**EXERCISE REQUIREMENTS**: Leaving out pictures, output exactly the lines below from the one that has "2021年春节将至,首先感谢" through the one that has "- Ready Queue", and nothing else.

[Extracted data entries]
# # # #
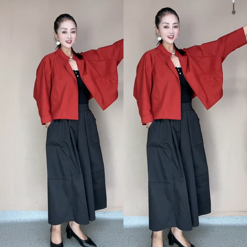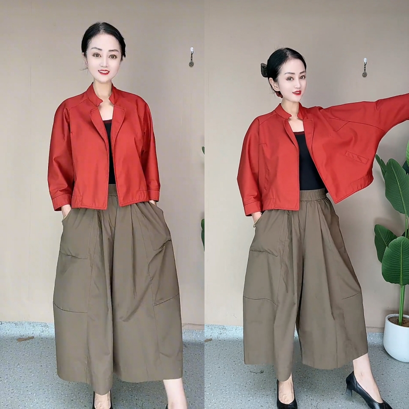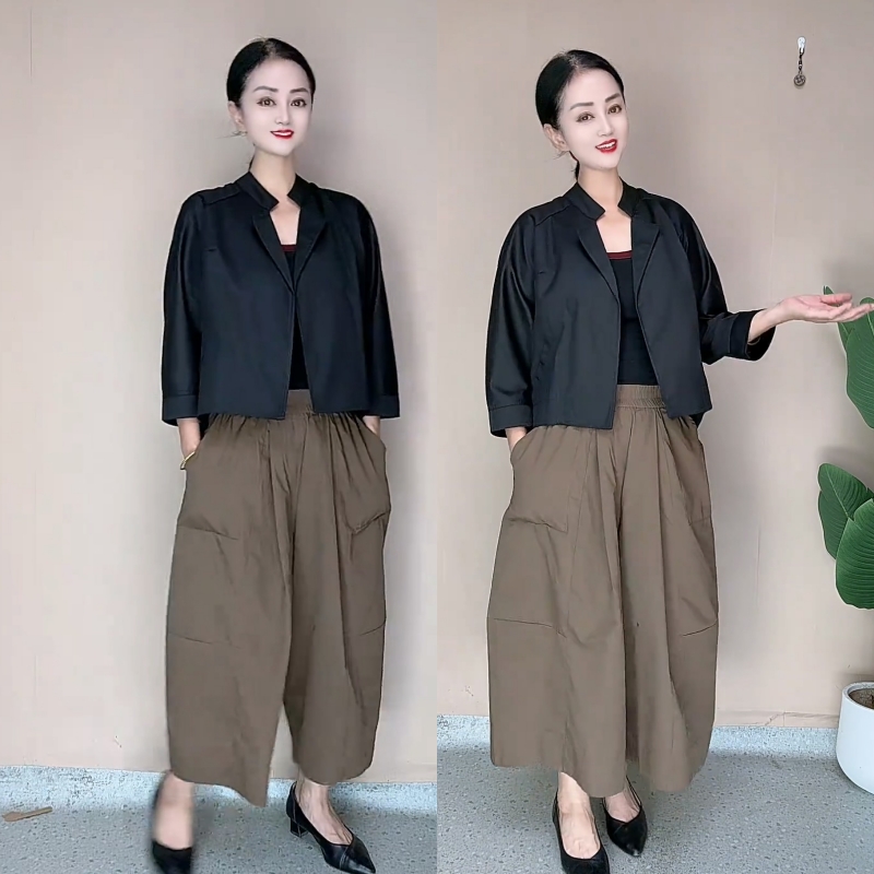 2025早秋新款时尚套装女大码宽松遮肉上衣短外套气质阔腿裤两件套
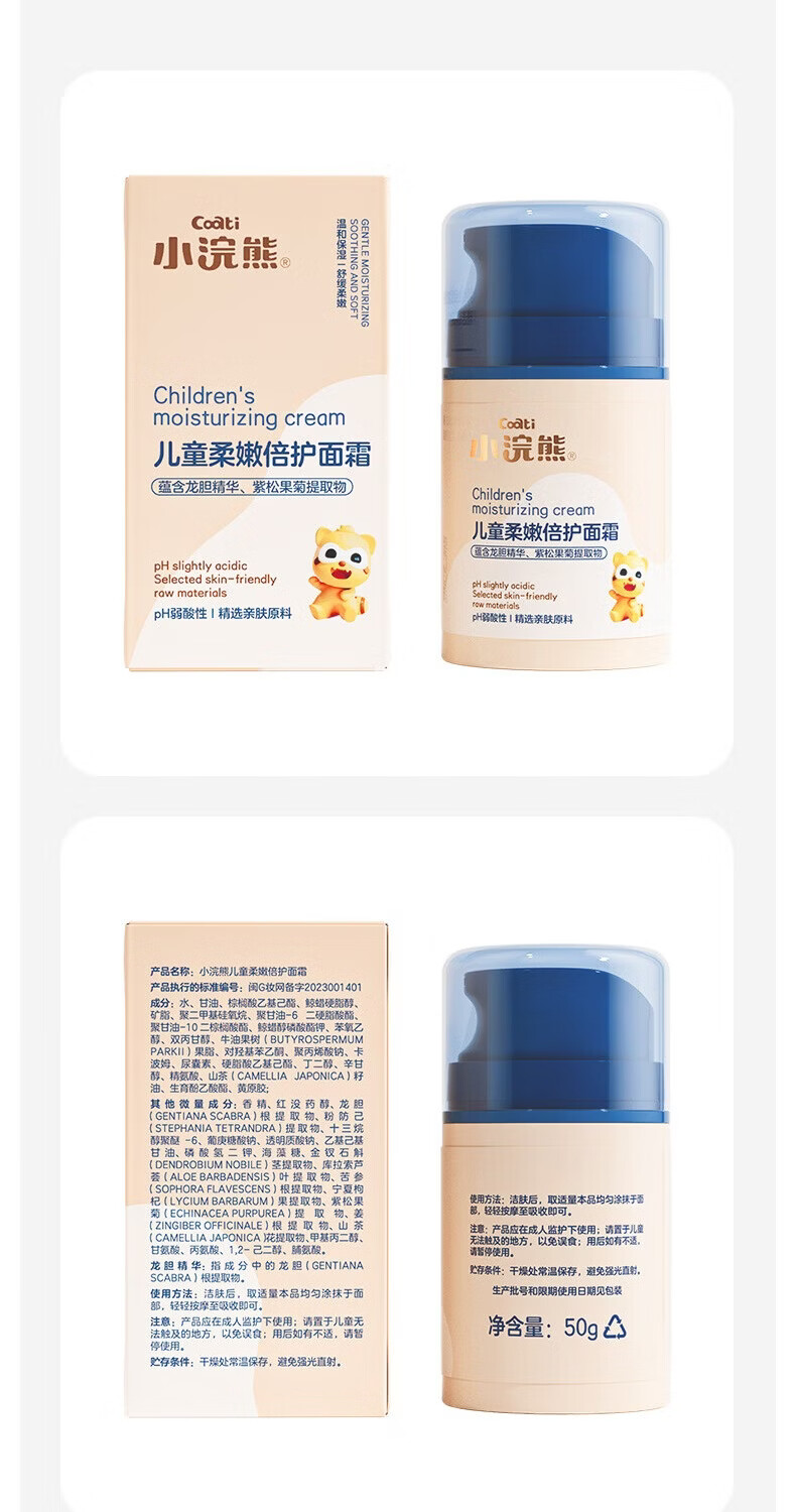 小浣熊儿童面霜 儿童保湿霜 婴儿宝宝保湿补水 儿童润肤乳 宝宝身体乳 保湿霜30g*2+唇膏2.5g*2+护手霜40g
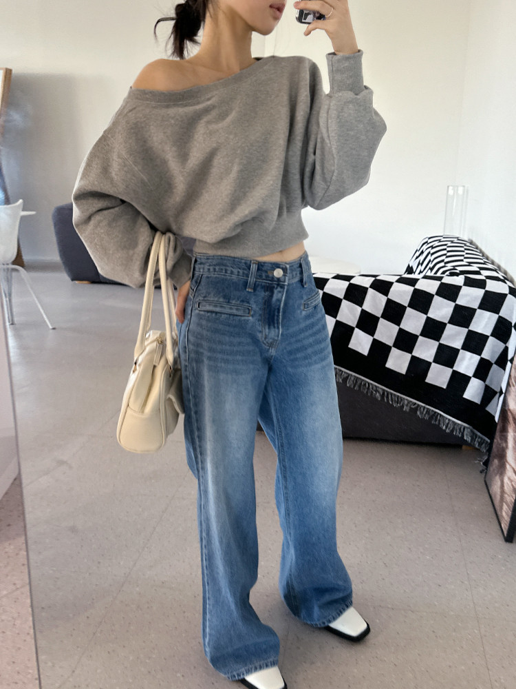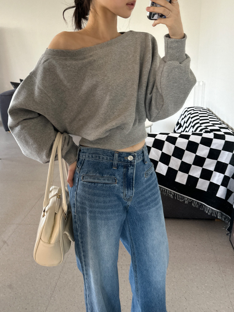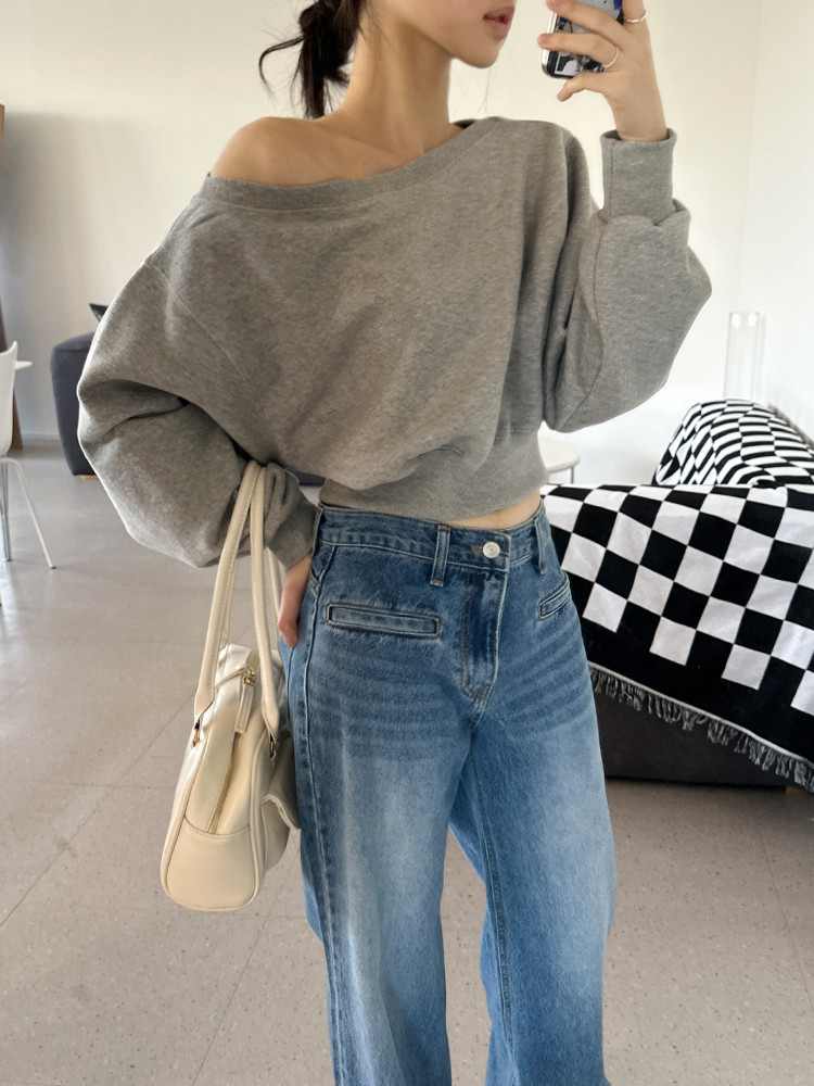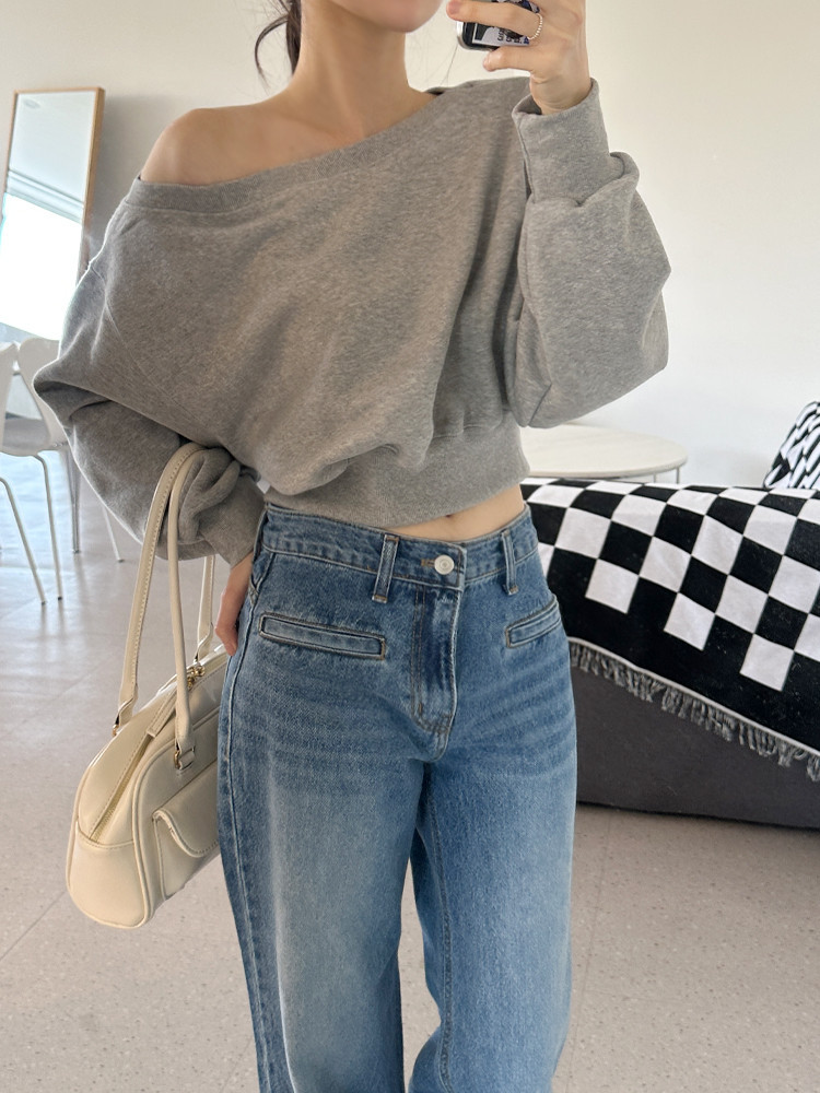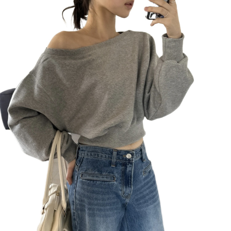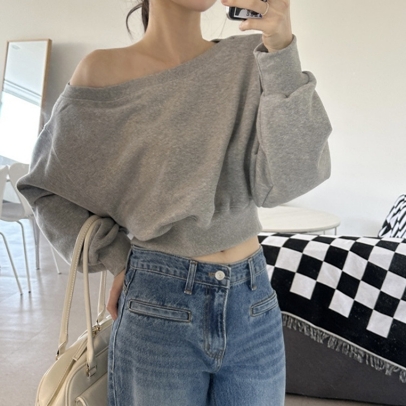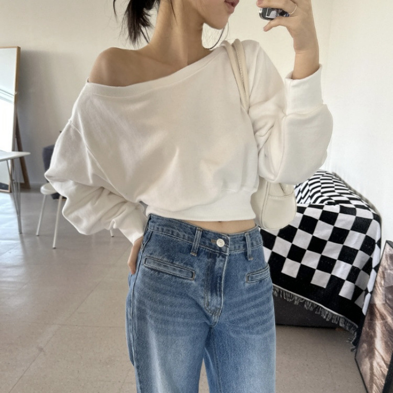 Корейский шикарный осенний свитшот с асимметричным косым воротником, открытыми плечами, универсальный, короткий, однотонный, с длинными рукавами, для женщин
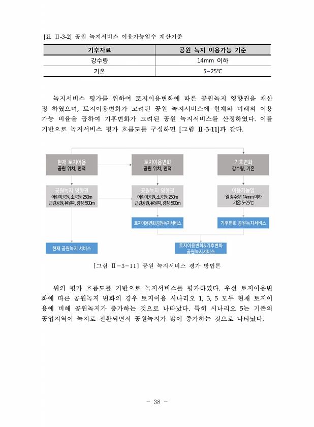 38 기후자료 공원 녹지 이용가능 기준 강수량 14mm 이하 기온 5∼25℃ [표 Ⅱ-3-2] 공원 녹지서비스 이용가능일수 계산기준 녹지서비스 평가를 위하여 토지이용변화에 따른 공원녹지 영향권을 재산 정 하였으며, 토지이용변화가 고려된 공원 녹지서비스에 현재와 미래의 이용 가능 비율을 곱하여 기후변화가 고려된 공원 녹지서비스를 산정하였다. 이를 기반으로 녹지서비스 평가 흐름도를 구성하면 [그림 Ⅱ-3-11]과 같다. [그림 Ⅱ-3-11] 공원 녹지서비스 평가 방법론 위의 평가 흐름도를 기반으로 녹지서비스를 평가하였다. 우선 토지이용변 화에 따른 공원녹지 변화의 경우 토지이용 시나리오 1, 3, 5 모두 현재 토지이 용에 비해 공원녹지가 증가하는 것으로 나타났다. 특히 시나리오 5는 기존의 공업지역이 녹지로 ...
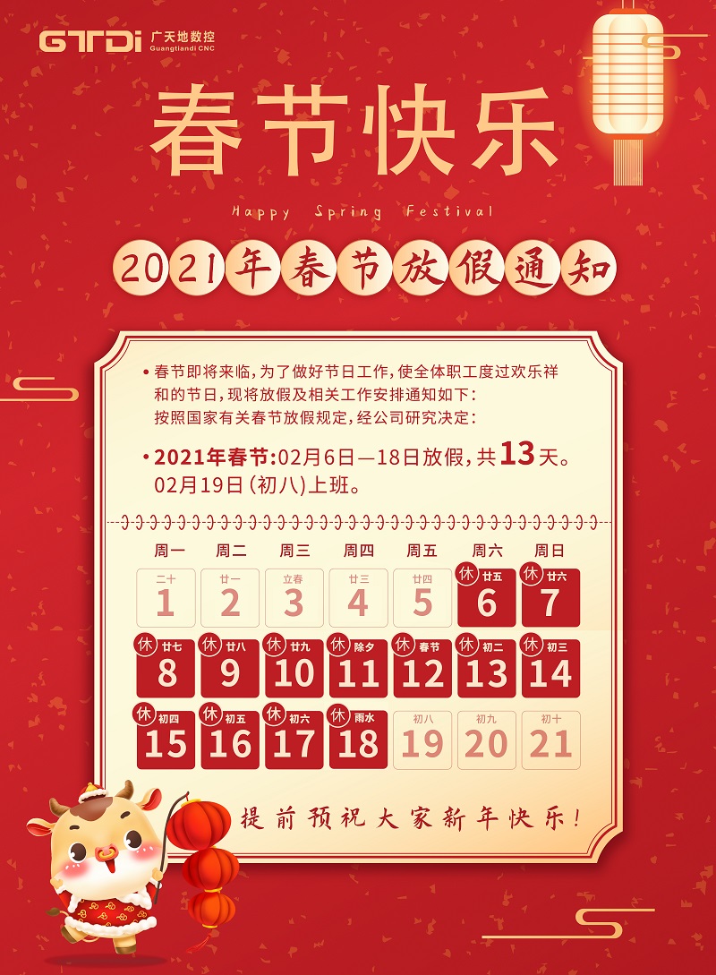 2021年春节将至,首先感谢您在2020年里的鼎力支持和愉快合作,乐鱼数控全体同仁在此给您拜个早年。在新年的一年里,乐鱼将更加努力,为您提供更优质的服务。按照国家春节放假规定结合我司的具体情况,春节放假时间安排如下:
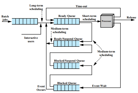 - Ready Queue -> Processor: Short-term scheduling이 process에게 CPU를 주면 process가 열심히 돌아감
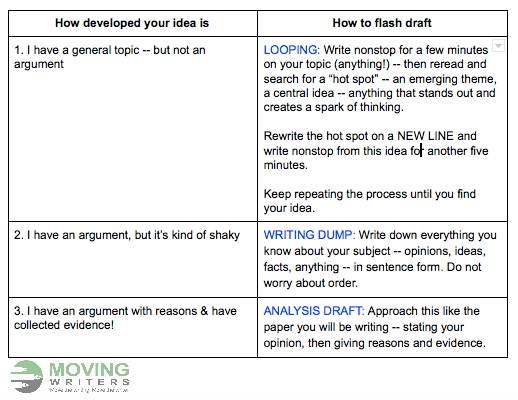 No matter where students are in their writing, flash drafting can be a useful exercise if students are invited to flash draft on their own terms.
# # # #
**RESULT OF THE TASK**:
 2021年春节将至,首先感谢您在2020年里的鼎力支持和愉快合作,乐鱼数控全体同仁在此给您拜个早年。在新年的一年里,乐鱼将更加努力,为您提供更优质的服务。按照国家春节放假规定结合我司的具体情况,春节放假时间安排如下:
 - Ready Queue -> Processor: Short-term scheduling이 process에게 CPU를 주면 process가 열심히 돌아감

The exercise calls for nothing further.